There is nothing wrong with most of the concerns that fuel this food anxiety. We should know something about what we eat, and there are plenty of things in our food we should worry about. Most processed food in this country is made with profit, not your health, in mind, and it is quite possible for profit to be at odds with your health. And it is certainly possible for profit to be at odds with quality. It does not help that we feel entitled to insanely cheap food and are addicted to convenience. Combined with our natural desire for salt, sugar and fat, these make us easy prey for processors armed with carefully engineered brands. It is high time we fight back.
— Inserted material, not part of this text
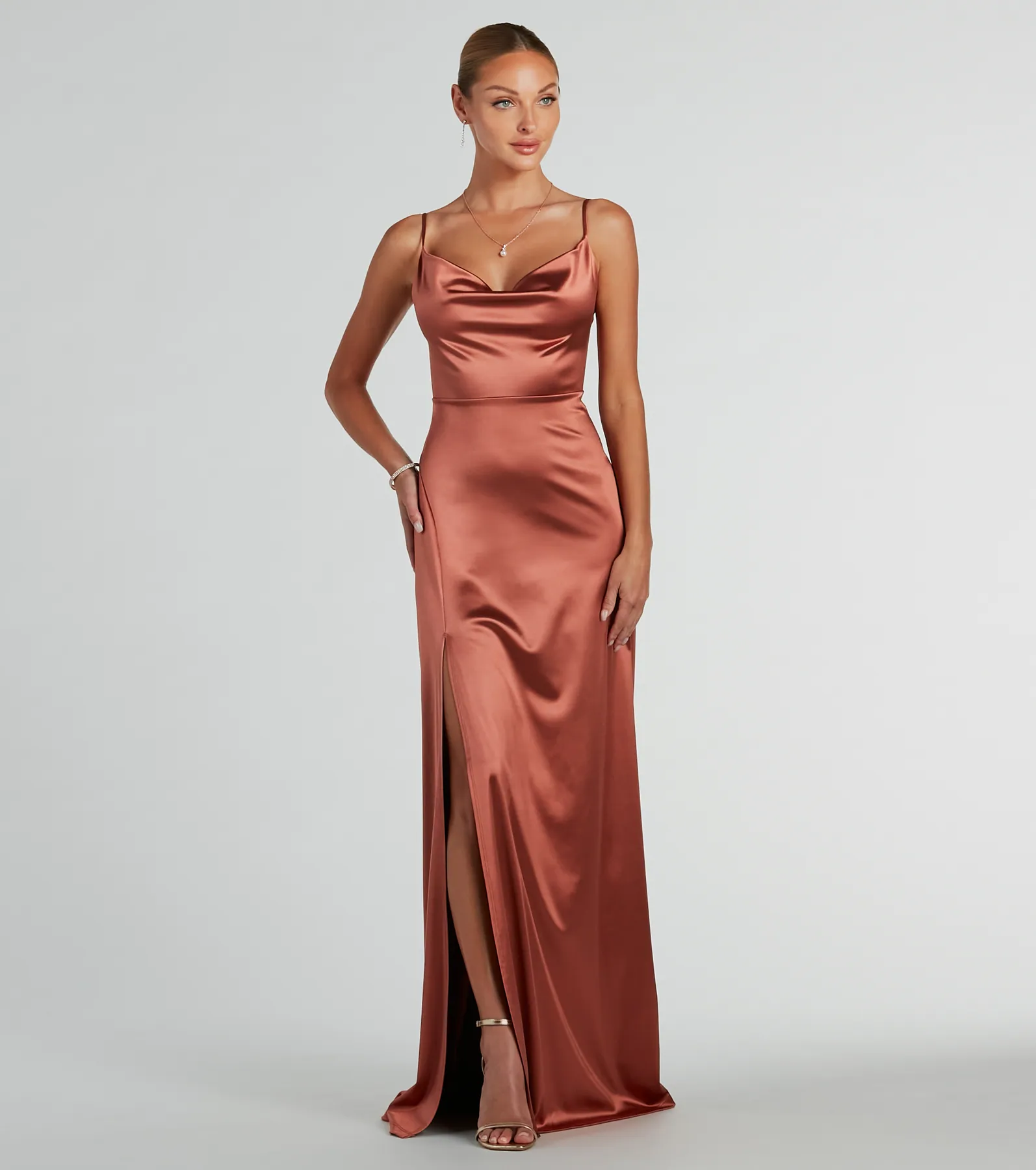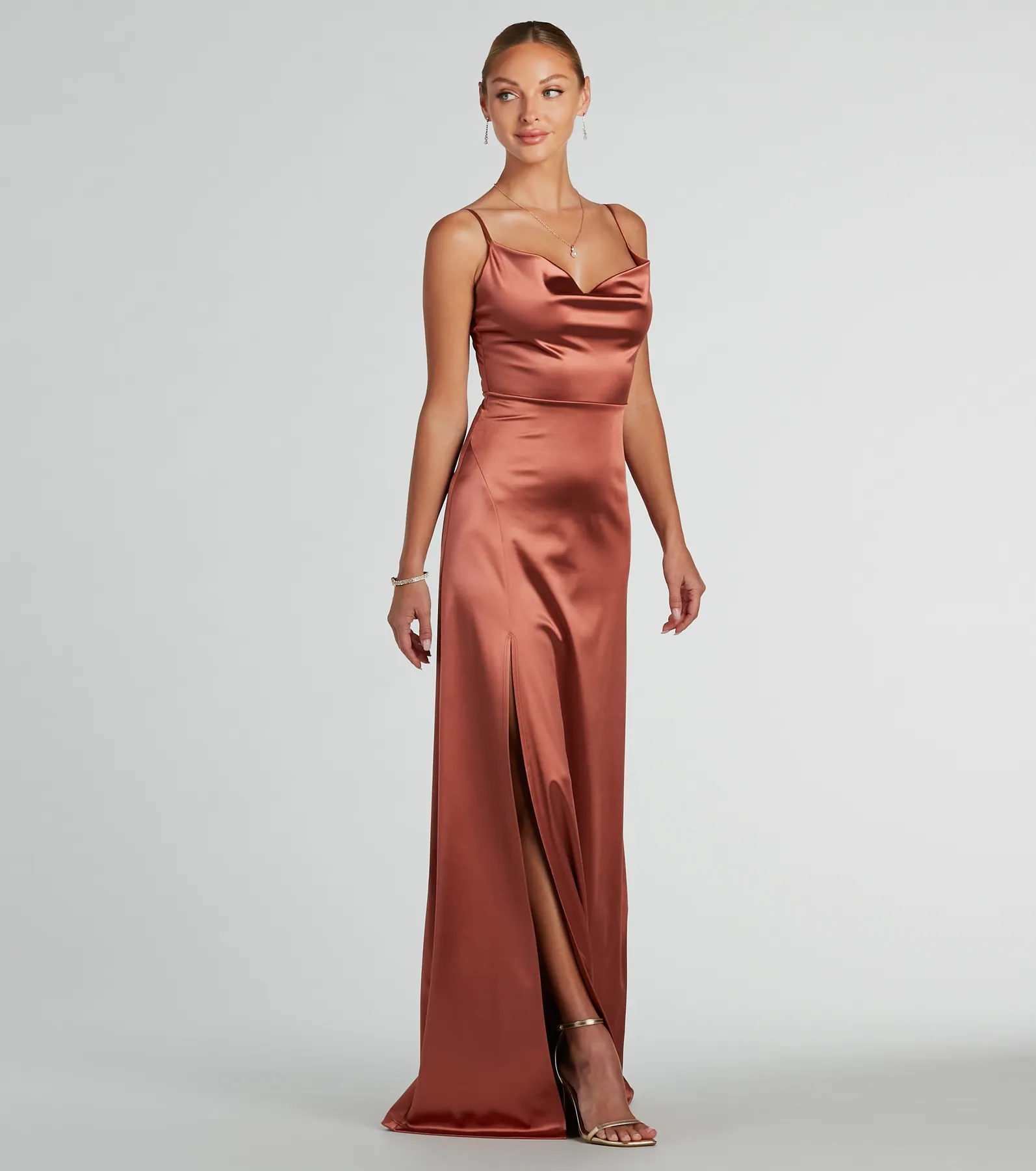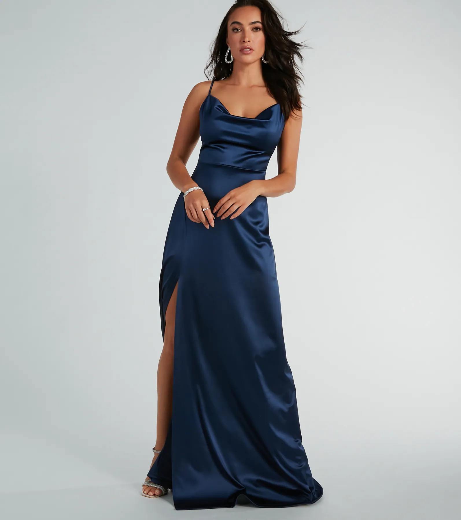 Ellie Cowl Neck A-Line Long Satin Formal Dress

But we need to fight back on behalf of everyone who eats, not make this another opportunity for social distinction. If those with with world and time enough want to seek out small batch, artisanal tonic water and pasture-raised heirloom chickens fed on scraps from four star restaurants, let them. Let’s not, however, turn food itself into a dividing line between in and out, good and bad, knowledgeable and ignorant, cultured and uncultured, rich and poor. The good food snobbery and concomitant anxiety that drives people to absurd lengths only serves to make eating well appear elitist, thus turning off many of the people who would benefit most from a healthy diet and creating a fault line the giant food processors will eagerly exploit. The vast majority of Americans could end up eating worse because the few eat better.

we must commit not just to feeding everyone in this country, though it would be nice if we could at least commit to that, but to feeding everyone well. We don’t need right now to expend huge efforts to make sure 200 people can have sublime chicken. We need to work hard to make sure everyone can have good chicken, raised without massive doses of hormones and antibiotics, given a chance to see the sky, butchered in clean facilities, and sold at a price both the consumer and the farmer can afford. Only when we have freed everyone from real food anxiety should people have the luxury of indulging in worries about the correctness of their poultry’s upbringing.